Неужели этой, посюсторонней жизни мало? Да и речью он, кажется, тоже не наделен. Он ведь даже не находил нужных слов, чтобы описать эту жизнь, чтобы сказать, какой она была на самом деле. Даже не способен был выразить словами, почему не складывались его отношения с Рамоной. Он не в силах был облечь в слова ничего из того, что казалось ему важным и что он мучительно хотел сказать, в том числе ей. И дело тут не в его плохом испанском. К сожалению, преподаватель немецкого ошибался, теперь, в Гаване, он это понял. Но он не мог сказать ему об этом, ведь того человека уже не было в живых.

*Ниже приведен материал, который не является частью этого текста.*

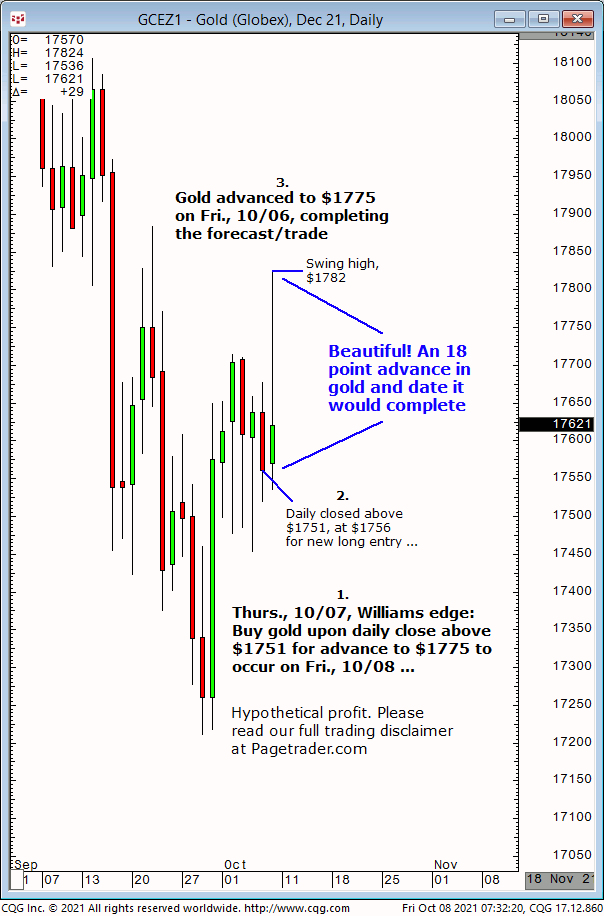 Thurs., 10/07: Buy gold upon daily close above $1751 for advance to $1775 due Fri., 10/08. Result? Gold closed above $1751 and today hit the $1775 target! Trial at: https://pagetrader.com/market-forecasting-products/williams-edge-futures-and-plus-1-week-trial/

И ходить, тем более держась прямо, он больше не мог. Эти нерадостные мысли одолевали Франца в конце пути. Жизнь-то, она ведь только в дешевых романах белая и пушистая. Хотя порой бывает веселой. Если бы он мог подсчитать, сколько всего секунд и минут в жизни смеялся, то в сумме оказалось бы несколько дней, не меньше.

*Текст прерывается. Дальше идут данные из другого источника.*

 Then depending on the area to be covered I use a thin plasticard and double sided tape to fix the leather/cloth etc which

И все представляется бессмысленным и ненужным. А ведь ему приходилось слышать, как люди говорят, что счастливы только оттого, что есть он. Иногда ему даже казалось, что он сам счастлив оттого, что живет на свете.

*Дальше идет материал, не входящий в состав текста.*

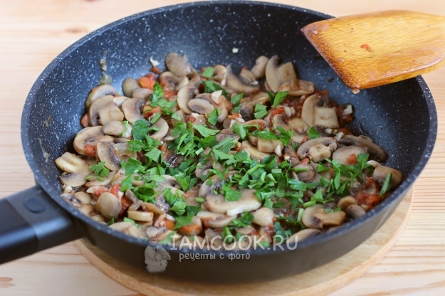 Через минуту добавляем в сковороду порезанные петрушку и чеснок, перемешиваем и через минуту выключаем. Начинка готова.

Пытаясь обрести некий смысл, он мужественно бросился в море неясных догадок, противоречий и разочарований, и на воде его, словно спасательный круг, удерживали годовые кольца опыта. Он подплывал к этому таинственному смыслу совсем близко, казалось, вот-вот дотянется, — и тут волны сомнений и печали вновь отбрасывали его к берегу, словно купальщика на пляже Патриса Лумумбы.
Однако в гаванском зоопарке, расположенном очень далеко от центра и никогда не посещавшемся не только туристами, но и гаванцами, жизнь показалась ему особенно бессмысленной, просто пародией на его трагедию, в том числе и трагедию с Рамоной, которая спала, совершенно обнаженная, в тридцатиградусную жару, а он, лежа рядом с ней, ощущал тупую боль в спине, оттого что читал и писал сгорбившись. И боль в животе, оттого что лгал. Его жизнь за короткий срок стала настолько запутанной и сложной, что горести, как тяжкая ноша, не давали ему распрямиться. Со скоростью света он несся к чему-то жуткому, совершая какой-то непонятный крутой вираж. Но его взгляд был еще стремительнее. Возможно, от звезд его отделяло расстояние в несколько тысяч световых лет, однако его взгляд за одно мгновение преодолевал расстояние в несколько тысяч световых лет, отделявшее его от прекрасного созвездия — Рамоны, лежавшей рядом с ним.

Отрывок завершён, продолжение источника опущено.